===== Records for the task

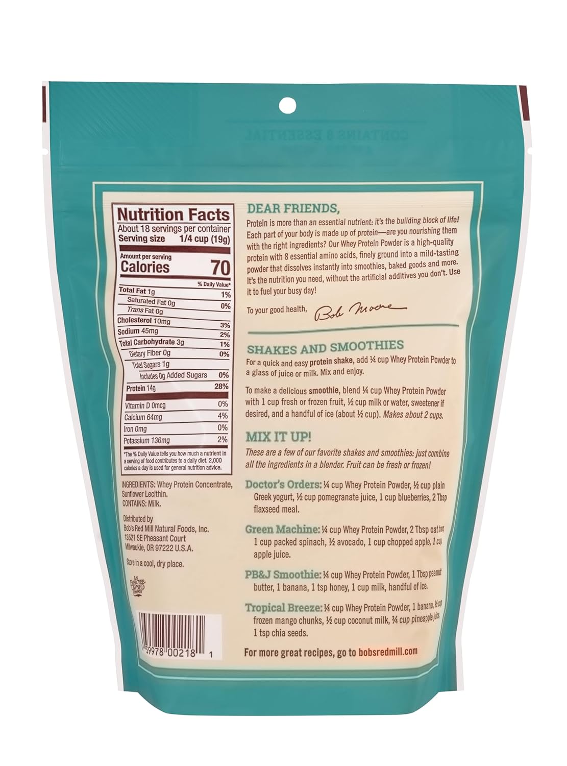 Bob’s Red Mill All Natural Whey Protein Powder, 12 Ounce
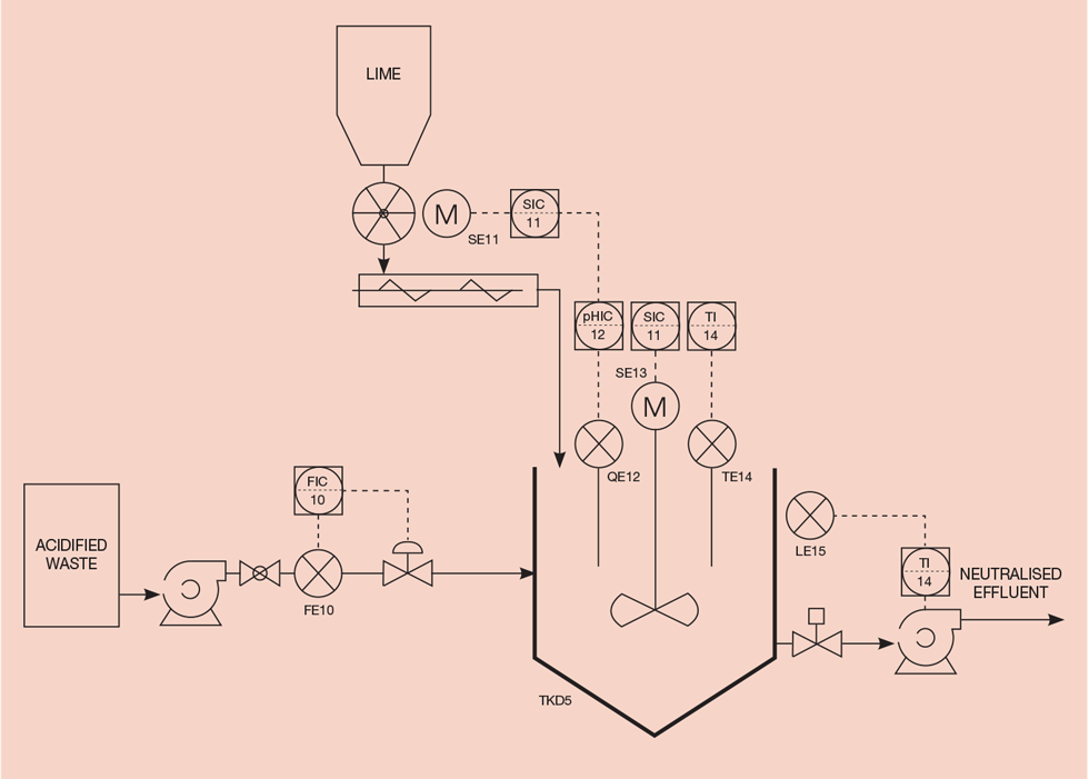 Consider a package plant designed to neutralise acidified waste with lime (see Figure 1).
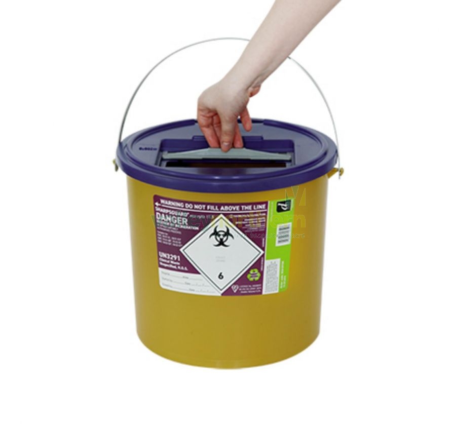 - Yellow base with purple lid, in line with HTM 07-01 waste segregation guidance
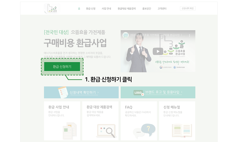 이제 으뜸효율 가전제품 구매비용 환급 사업 홈페이지에 들어가서 신청을 해줘야 합니다. 컴퓨터와 핸드폰 둘 다 신청이 가능해요.
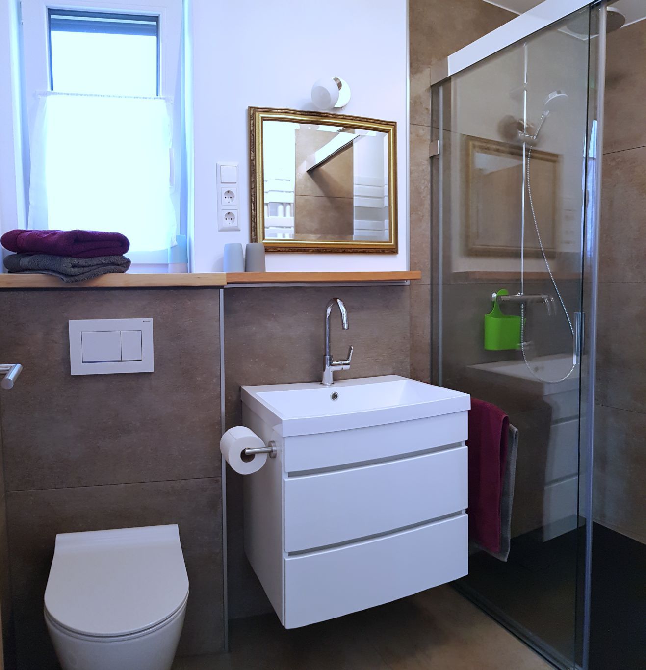 • Badezimmer mit begehbarer Dusche, Haarfön
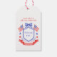 This patriotic bridal shower gift tag design features a watercolor crest with a light red white and blue patriotic crest with American flags and a blue bow. You can personalize with your event details.
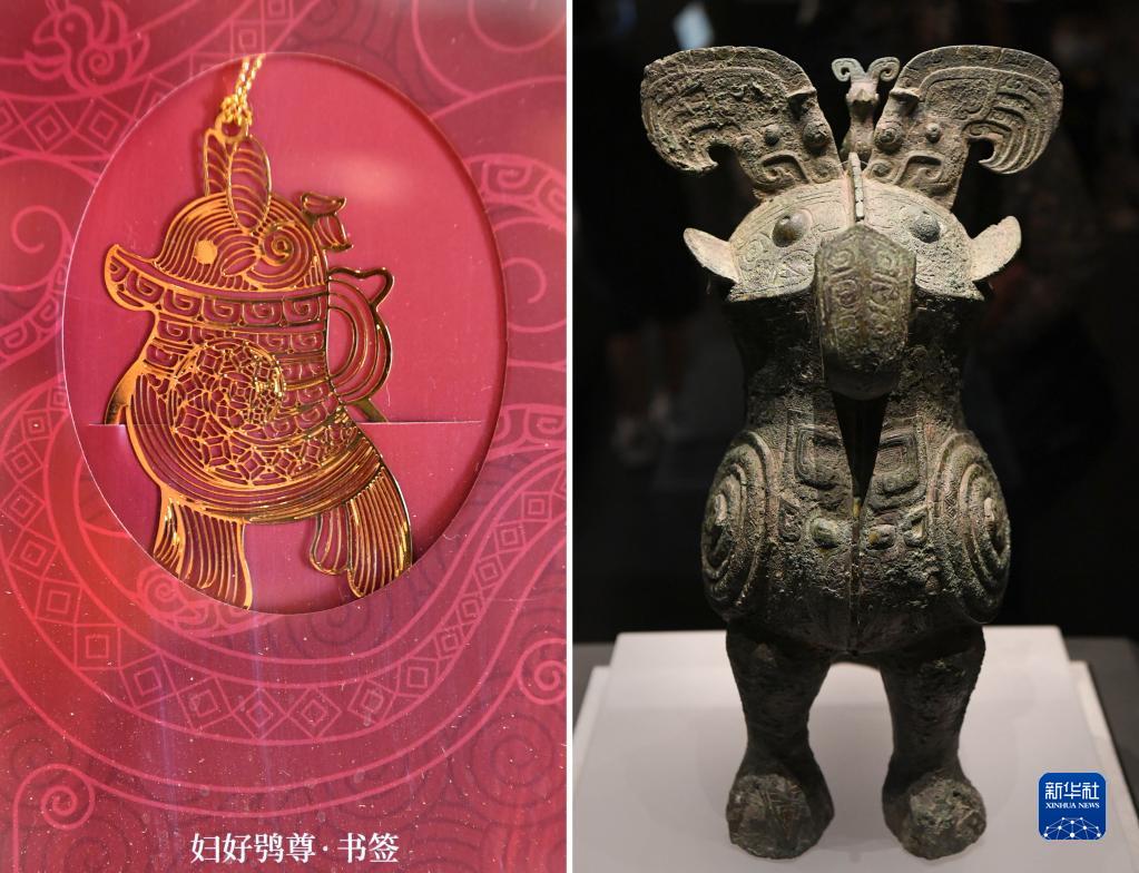 拼版照片:左圖為河南博物院推出的“婦好鸮尊”書(shū)簽;右圖為河南博物院展出的展品“婦好鸮尊”(5月17日攝)。
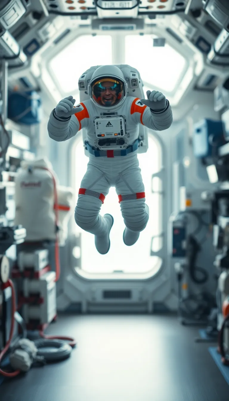 This dynamic image depicts an astronaut floating in microgravity, performing an exercise routine within a high-tech space station. The soft, diffused daylight creates an ethereal glow around the astronaut, highlighting the sleek design of the suit and the vibrant exercise equipment. The shallow depth of field adds a sense of motion, enhancing the feeling of weightlessness and activity in the confined space of the station. The cool color palette further emphasizes the advanced technological environment.
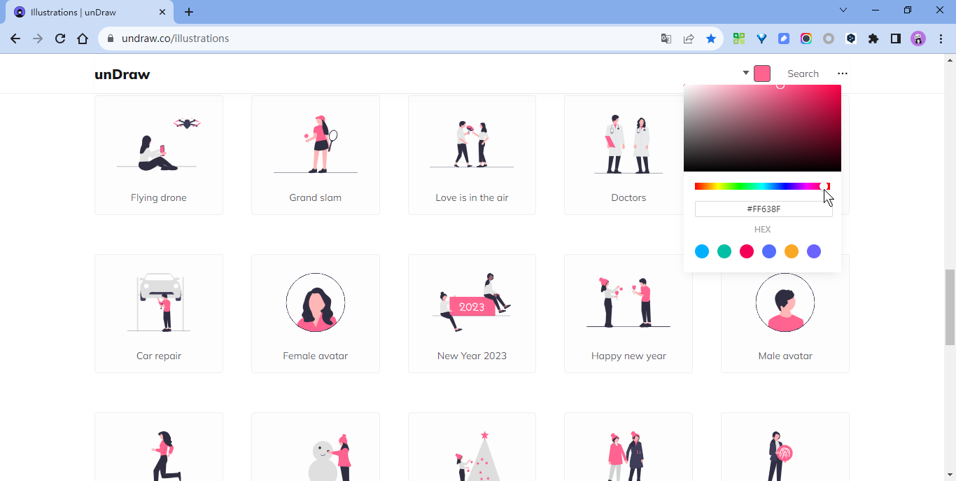 - 开源插画、自定义颜色、扁平风格、在线换色、SVG、PNG
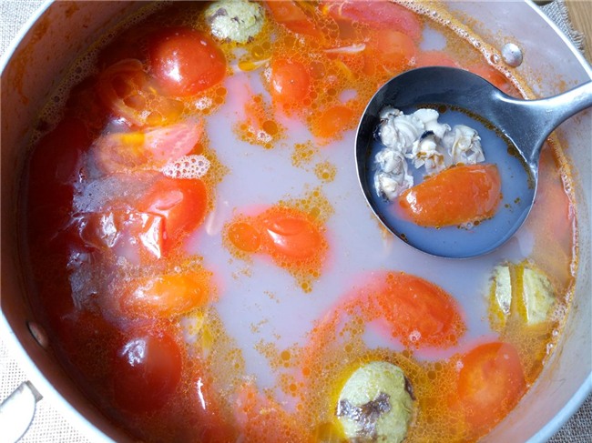 Cho phần cà chua vừa xào vào nồi,đổ 1 bát tô nước rồi đun sôi. Khi canh sôi hạ bớt lửa, nêm nếm gia vị cho vừa miệng.
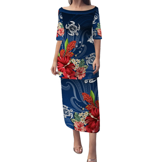 Papua New Guinea Combo Puletasi And Shirt Flower And Turtle
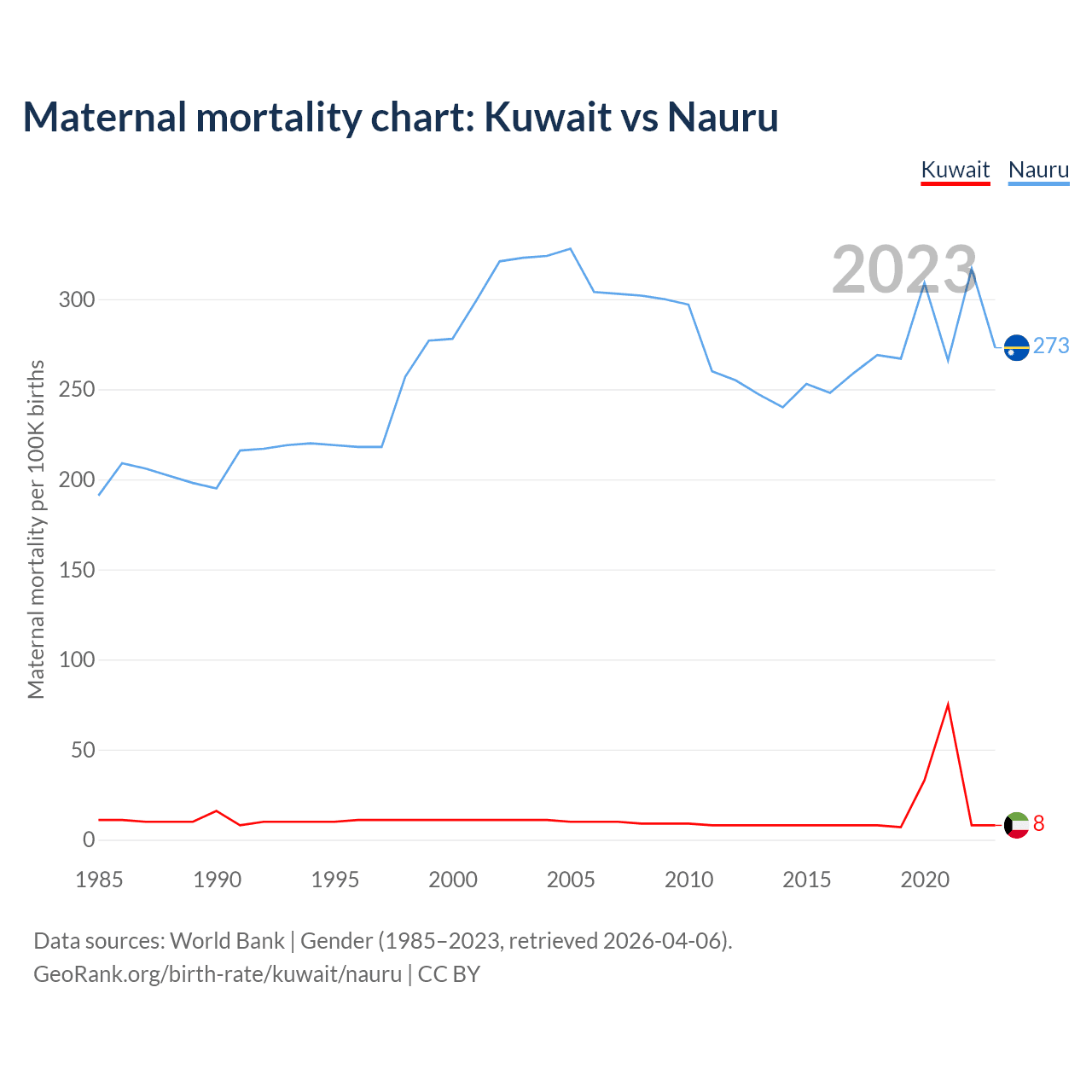 The maternal mortality rate, which is the probability of dying during childbirth or within 42 days of pregnancy termination, is 8 deaths per 100,000 live births in Kuwait, compared to 273 deaths in Nauru.
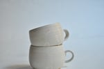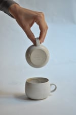 The glaze is a sophisticated Matte White with a velvety, tactile surface. During the firing process, delicate and unpredictable rosy nuances emerge, giving the piece a faint blush that makes every cup unique. It is a soft, ethereal finish that brings a sense of calm to your daily coffee ritual.
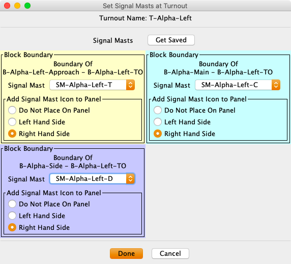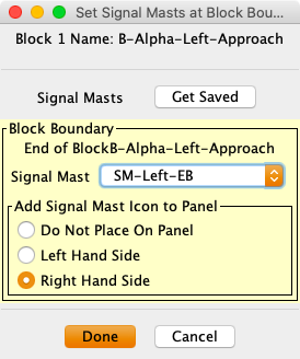 A dialog will be displayed with combo lists for selecting masts and options for placing the masts on the panel. Each box identifies the blocks that form the boundary. This helps with choosing the proper signal mast.

==========

▸ Task directions
Would you copy out the data exactly, leaving every picture out?

▸ Output for this exercise
 Bob’s Red Mill All Natural Whey Protein Powder, 12 Ounce
 Consider a package plant designed to neutralise acidified waste with lime (see Figure 1).
 - Yellow base with purple lid, in line with HTM 07-01 waste segregation guidance
 이제 으뜸효율 가전제품 구매비용 환급 사업 홈페이지에 들어가서 신청을 해줘야 합니다. 컴퓨터와 핸드폰 둘 다 신청이 가능해요.
 • Badezimmer mit begehbarer Dusche, Haarfön
 This patriotic bridal shower gift tag design features a watercolor crest with a light red white and blue patriotic crest with American flags and a blue bow. You can personalize with your event details.
 拼版照片:左圖為河南博物院推出的“婦好鸮尊”書(shū)簽;右圖為河南博物院展出的展品“婦好鸮尊”(5月17日攝)。
 This dynamic image depicts an astronaut floating in microgravity, performing an exercise routine within a high-tech space station. The soft, diffused daylight creates an ethereal glow around the astronaut, highlighting the sleek design of the suit and the vibrant exercise equipment. The shallow depth of field adds a sense of motion, enhancing the feeling of weightlessness and activity in the confined space of the station. The cool color palette further emphasizes the advanced technological environment.
 - 开源插画、自定义颜色、扁平风格、在线换色、SVG、PNG
 Cho phần cà chua vừa xào vào nồi,đổ 1 bát tô nước rồi đun sôi. Khi canh sôi hạ bớt lửa, nêm nếm gia vị cho vừa miệng.
 Papua New Guinea Combo Puletasi And Shirt Flower And Turtle
 The maternal mortality rate, which is the probability of dying during childbirth or within 42 days of pregnancy termination, is 8 deaths per 100,000 live births in Kuwait, compared to 273 deaths in Nauru.
 The glaze is a sophisticated Matte White with a velvety, tactile surface. During the firing process, delicate and unpredictable rosy nuances emerge, giving the piece a faint blush that makes every cup unique. It is a soft, ethereal finish that brings a sense of calm to your daily coffee ritual.
 A dialog will be displayed with combo lists for selecting masts and options for placing the masts on the panel. Each box identifies the blocks that form the boundary. This helps with choosing the proper signal mast.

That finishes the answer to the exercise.